Articles

Why Poor Countries Stay Poor?

According to economist Hernando de Soto, in poor countries the main road block to growth is not lack of wealth. The issue is that most of the wealth held by citizens cannot be leveraged as collateral for any kind of routine financial or economic transactions:  like getting a mortgage, a consumer loan, or a commercial loan in order to start, expand or purchase a business. In the U.S. in Europe, and elsewhere there are deeds held by property owners and accessible public documents that clearly define the boundaries of a property and allow anybody to reliably trace its lawful owners. Whenever properties are bought and sold, the records are updated to reflect all transactions. All this is clear and transparent.

Owners in turn can use their legally owned real estate assets as collateral in order to get credit from banks or other financial institutions. In emerging countries, for most people access to credit is almost impossible, because most people do not “legally” own what they have. Therefore they cannot use it as collateral that would be accepted by banks in order to get a loan.

Now, we all know that commercial credit is the yeast of all capitalist economies. It is really hard to have economic growth without commercial loans. Other means may exist within the informal sector, (think “loan sharks”), but they are generally extremely onerous in terms of short repayment terms and exorbitant interest rates; and therefore unappealing in most cases.

And how much “dead capital”, (meaning capital that exists but cannot be leveraged), are we talking about? Well, according to de Soto, an enormous amount:

“By our calculations, [de Soto and his team spread over several countries to conduct their research] the total value of the real estate held but not legally owned by the poor of the Third World and former communist nations is at least $ 9.3 trillion”.

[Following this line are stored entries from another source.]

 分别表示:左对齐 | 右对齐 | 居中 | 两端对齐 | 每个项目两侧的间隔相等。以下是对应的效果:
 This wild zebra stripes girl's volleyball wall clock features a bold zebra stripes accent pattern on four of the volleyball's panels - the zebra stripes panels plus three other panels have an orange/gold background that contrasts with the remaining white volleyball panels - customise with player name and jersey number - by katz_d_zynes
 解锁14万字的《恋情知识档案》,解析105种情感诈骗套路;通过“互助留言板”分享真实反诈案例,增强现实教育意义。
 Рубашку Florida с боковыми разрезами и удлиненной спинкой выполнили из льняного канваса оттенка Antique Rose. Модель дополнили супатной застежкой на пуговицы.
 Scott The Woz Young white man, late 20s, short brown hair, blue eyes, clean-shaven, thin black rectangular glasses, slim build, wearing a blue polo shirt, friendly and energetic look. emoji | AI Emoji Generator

“This is a number worth pondering: $ 9.3 trillion is about twice as much as the total circulating U.S. money supply….It is more than twenty times the total direct foreign investment into all Third World and former communist countries in the ten years after 1989, forty-six times as the World Bank loans of the past three decades, and ninety-three times as much as all development assistance from all advanced countries to the Third World in the same period”.

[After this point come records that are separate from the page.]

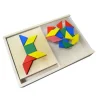 ÚLTIMAS UNIDADESMosaico compuesto por 60 piezas de madera natural pintada con medidas entre 4 x 4 cm y 6,5 x 3 cm, 8 patrones de madera natural pintada con medidas 18 x 15 cm y una caja de almacenamiento con tapa acrílica, madera natural, con medidas 33 x 22 x 4,5 cm. Desarrolla conceptos básicos matemáticos, simetría, coordinación visual, concepto de superficie y representación espacial. Presentación en caja de cartón con medidas 34,5 x 23 x 5,5 cm.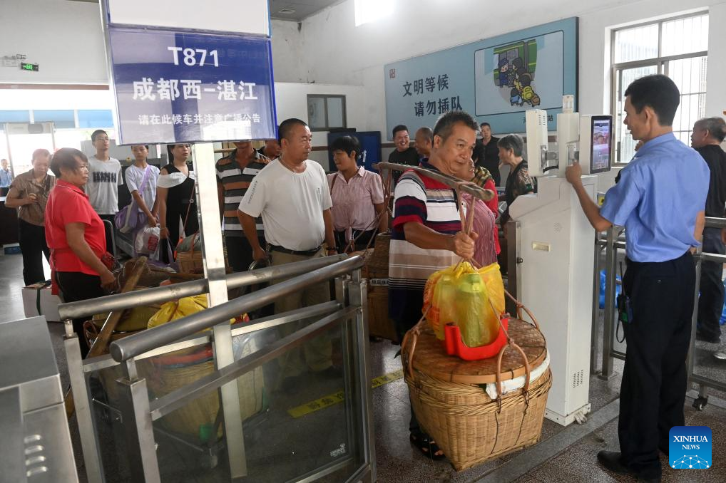 NANNING, 11 julio, 2025 (Xinhua) -- Imagen del 9 de julio de 2025 de fruticultores cargando frutas y necesidades diarias registrándose en la Estación de Hechun del Ferrocarril Litang-Zhanjiang, en la provincia de Guangdong, en el sur de China. Los trenes pintados de verde que circulan por el Ferrocarril Litang-Zhanjiang ofrecen un viaje muy rentable a los fruticultores. (Xinhua/Lu Boan)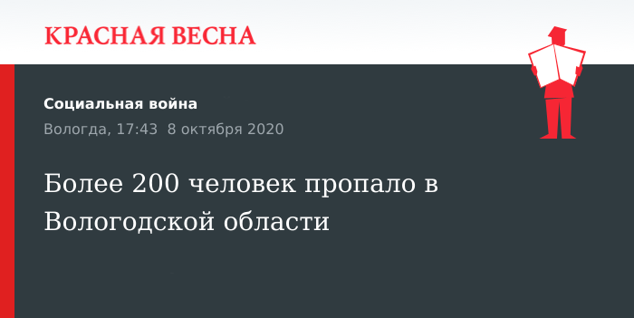 246 человек пропало с начала 2020 года в Вологодской области, сообщают 8 октября Вести Вологда.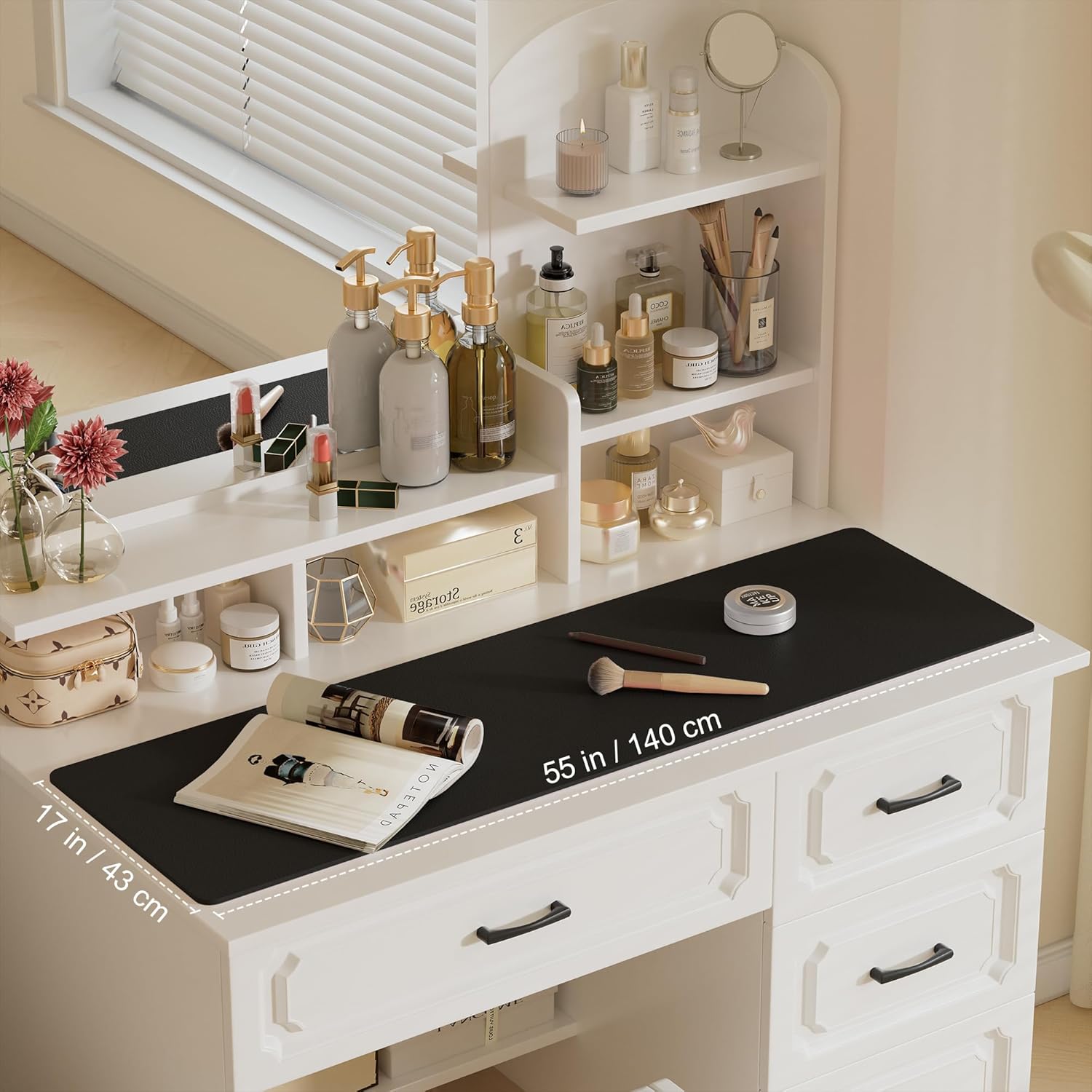 Aothia Leather Desk Pad Protector, Office Desk Mat, Large Mouse Pad, Laptop Desk Pad, Non-Slip PU Leather Desk Blotter, Waterproof Desk Writing Pad for Office and Home (Black, 55" x 17")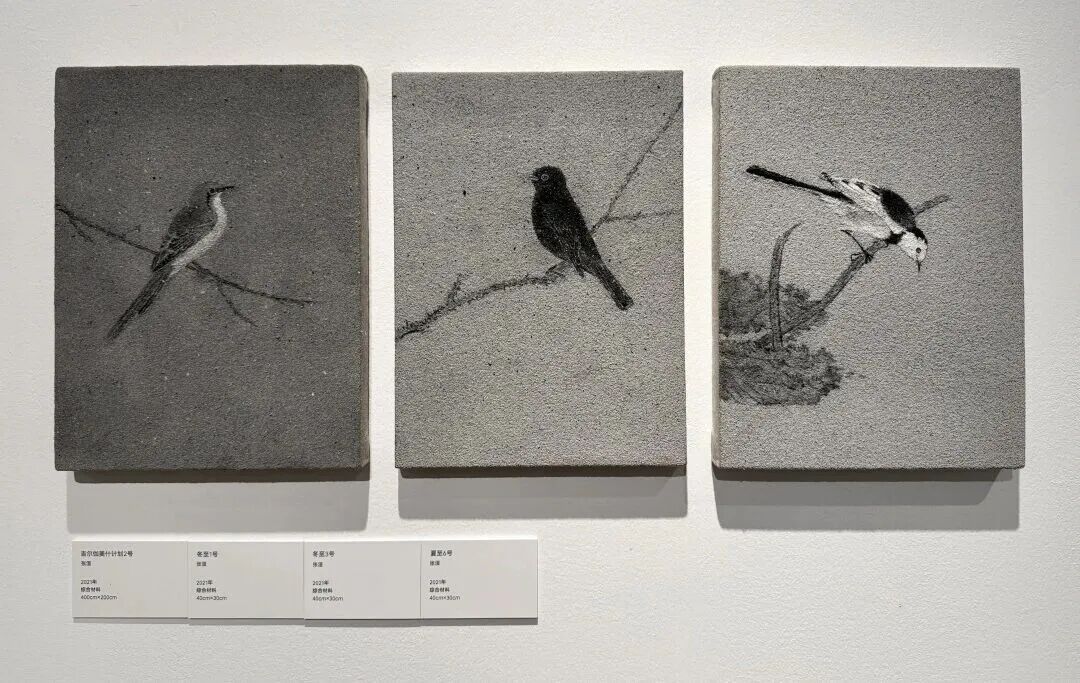 张洹创作的香灰花鸟画系列,是对中国传统山水花鸟画体系的创新性探索,尤其汲取宋代院体花鸟的严谨法度与精神内核,在此基础上实现双重突破:其一为构图语言的重构,打破传统花鸟固有的布局范式,赋予画面当代视觉叙事逻辑;其二为材料媒介的革新,以“香灰”这一非常规艺术材料为核心载体,利用其独特的质感、肌理与精神隐喻,构建出区别于传统笔墨的视觉表达体系。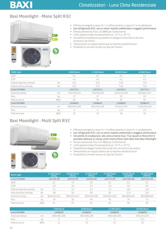 possibile abbinare le stesse unità interne Mono Split della linea Baxi Moonlight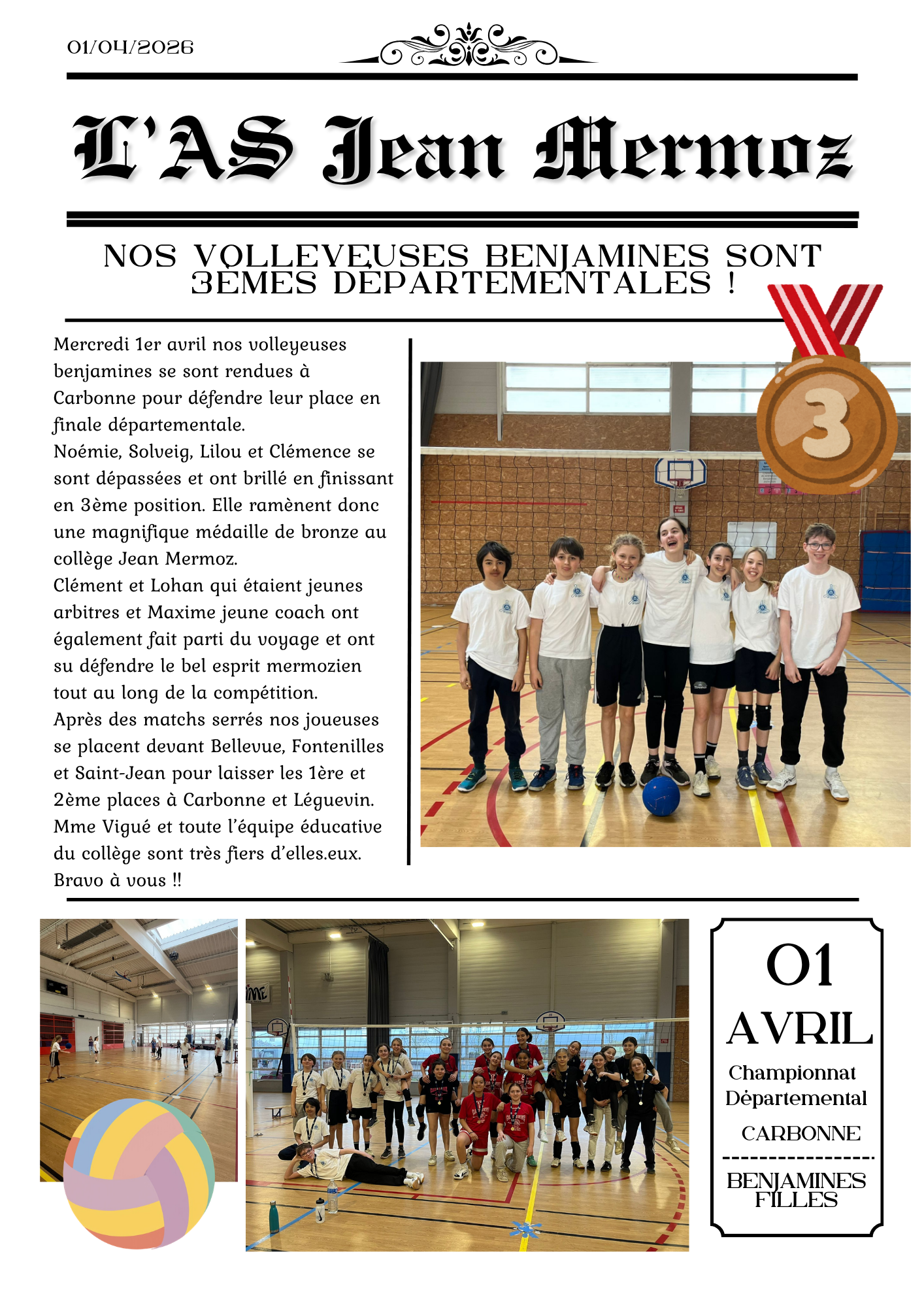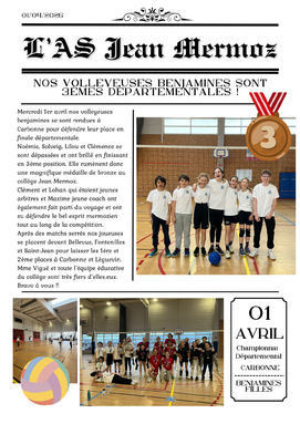 1/04 - Nos volleyeuses benjamines sont 3èmes départementales !

–Hernando de Soto, The Mystery of Capital, published in 2000

These are truly amazing figures. Yes, poor countries are poor. But not as poor as we would think. The problem is that whatever wealth most individuals hold in these countries, it cannot be used as an asset. This is a major impediment to growth. It should be stressed that this impediment has nothing to do with how much or how hard people work in these countries. People do work and they acquire assets.

The problem is all about the failure to create a modern property laws system that would allow citizens to gain legal title to what they own, this way transforming “dead capital” into “live capital”. In the light of de Soto’s remarkable findings, this institutional modernization effort should be priority one for both governments and donors who want to fast track economic growth in developing countries.

NOTE: Data cited in de Soto’s book goes up to the year 2000. Since then the picture may have shifted somewhat. But there has been no dramatic transformation, because in most developing countries property is still held mostly without proper legal title. Therefore, it cannot be used as collateral for commercial loans and/or any other form of financing.